A special issue of Remote Sensing (ISSN 2072-4292). This special issue belongs to the section "Remote Sensing Image Processing".

Deadline for manuscript submissions: 15 September 2025 | Viewed by 2005

Special Issue Editors

Dr. Xiaobo Li

E-Mail Website
Guest Editor
School of Marine Science and Technology, Tianjin University, Tianjin 300054, China
Interests: polarization optics (polarimetry and polarimetric imaging); oceanic optics; deep learning and signal processing
Special Issues, Collections and Topics in MDPI journals
Prof. Dr. Haofeng Hu

E-Mail Website
Guest Editor
China School of Precision Instrument and Opto-electronics Engineering, Tianjin University, Tianjin, China
Interests: polarimetric imaging; polarimetry; deep learning; ocean optics
Special Issues, Collections and Topics in MDPI journals
Dr. Jianhua Guo

E-Mail Website
Guest Editor
Department of Aerospace and Geodesy, Data Science in Earth Observation, Technical University of Munich, 80333 Munich, Germany
Interests: remote sensing; computer vision; deep learning; urban ecosystem services
Special Issues, Collections and Topics in MDPI journals
Dr. Zhitong Xiong

E-Mail Website
Guest Editor
Data Science in Earth Observation, Technical University of Munich (TUM), 80333 Munich, Germany
Interests: deep learning; remote sensing; multimodal foundation models
Special Issues, Collections and Topics in MDPI journals
Dr. Igor Ogashawara

E-Mail Website
Guest Editor
Department of Experimental Limnology, Leibniz-Institute for Freshwater Ecology and Inland Fisheries, D-16775 Stechlin, Germany
Interests: bio-optical modeling; water quality; optical remote sensing; water quality sensors; fluorescence; climatology
Special Issues, Collections and Topics in MDPI journals

Special Issue Information

Dear Colleagues,

“Water-related” refers to anything related to water, such as oceans, rivers, lakes, floods, clouds, rain, mist, snow, and ice. The research objects of water-related remote sensing include all water bodies that serve as either local or overall light, microwave, and acoustic wave transmission paths. By studying their characteristics in liquid, gas, and solid states, in addition to the propagation mechanism of light/microwave/acoustic waves in water and across media, various problems related to intelligent data acquisition, information transmission, and intelligent signal processing in water-related fields can be addressed. The theories, sensors/platforms, interpretation methods, and advanced processing techniques applied to water-related light/microwave/acoustic wave remote sensing are continually evolving. Therefore, the introduction of novel techniques and the exploration of related applications are necessary in order to address existing challenges and expand the potential of remote sensing.

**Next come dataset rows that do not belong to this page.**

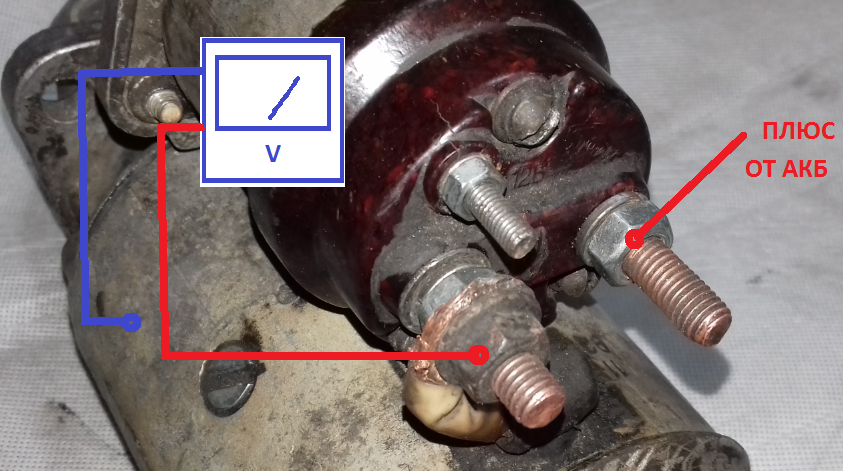 - Проверим, появляется ли напряжение +12 В на управляющем контакте стартера (это тонкий винт на втягивающем реле). Если напряжения нет, значит проверим дополнительное реле стартера и замок зажигания.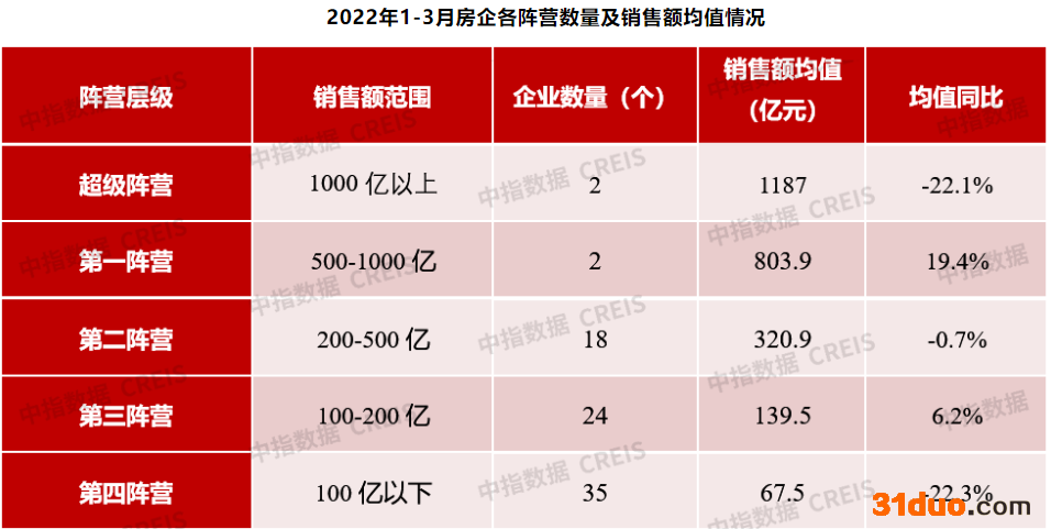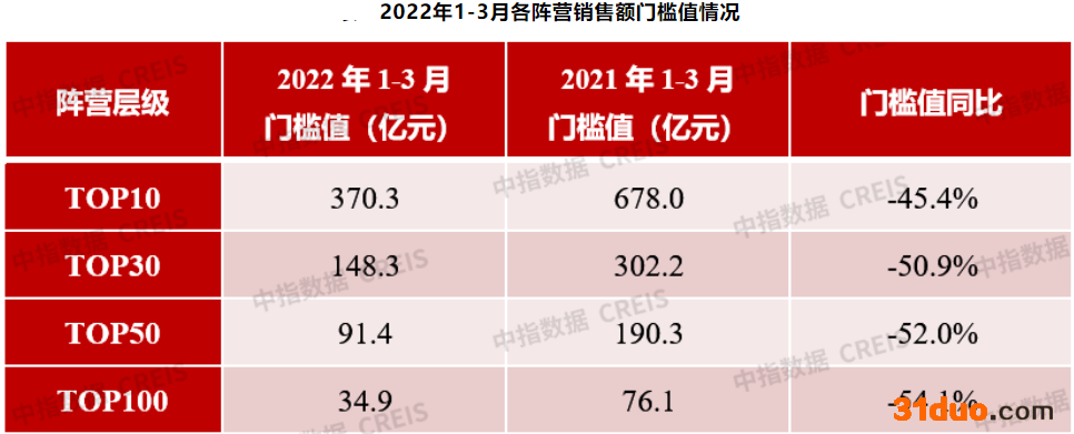 3月31日,中指研究院、克而瑞、亿翰智库等多家研究机构发布了2022年一季度中国房地产企业销售业绩情况。从数据上看,楼市下行压力仍未缓解,整体销售依旧低迷,除了TOP10房企阵营外,其余阵营销售门槛值均同比腰斩。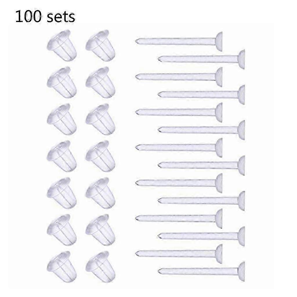 100 Kits Clear Plastic Earrings Includes Ear Pin & Ear Safety Backs Earring Findings Earring Retainers Invisible Earring
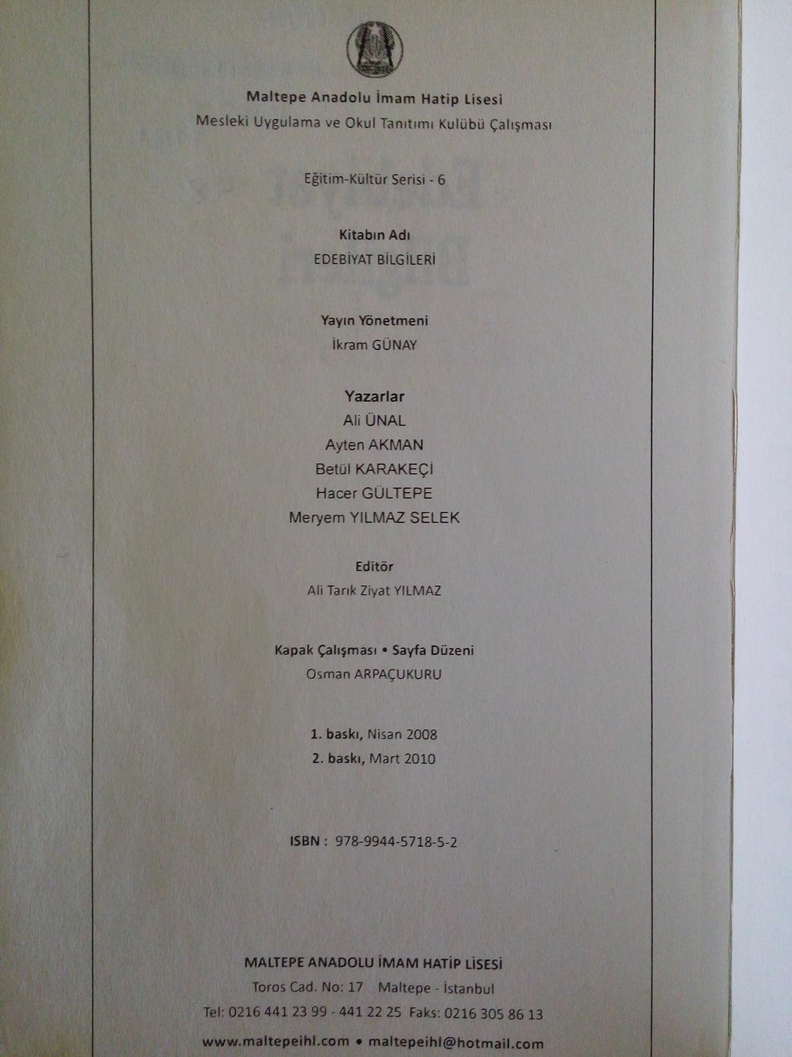 Edebiyat bilgileri. bok på turkiska, litteraturkunskap, Very good plus

This Special Issue aims to provide a platform for researchers to share and discuss important discoveries, theoretical and experimental advances, technical breakthroughs, methodological innovations, application developments, viewpoints, and perspectives with the water-related remote sensing community. All theoretical, numerical, and experimental results are welcome. The scope of this Special Issue includes, but is not limited to, the following topics: 

  • Ocean observation;
  • Water/flood detection/monitoring/mapping;
  • Underwater imaging/optical sensing;
  • Underwater acoustics and Sonar;
  • Sea ice/polar glacier detection/monitoring/mapping;
  • Cloud detection/removal;
  • Fog/haze removal;
  • Water-related signal processing;
  • Underwater in situ observation;
  • Soil water monitoring.

Dr. Xiaobo Li
Prof. Dr. Haofeng Hu
Dr. Jianhua Guo
Dr. Zhitong Xiong
Dr. Igor Ogashawara
Guest Editors

Manuscript Submission Information

Manuscripts should be submitted online at www.mdpi.com by registering and logging in to this website. Once you are registered, click here to go to the submission form. Manuscripts can be submitted until the deadline. All submissions that pass pre-check are peer-reviewed. Accepted papers will be published continuously in the journal (as soon as accepted) and will be listed together on the special issue website. Research articles, review articles as well as short communications are invited. For planned papers, a title and short abstract (about 100 words) can be sent to the Editorial Office for announcement on this website.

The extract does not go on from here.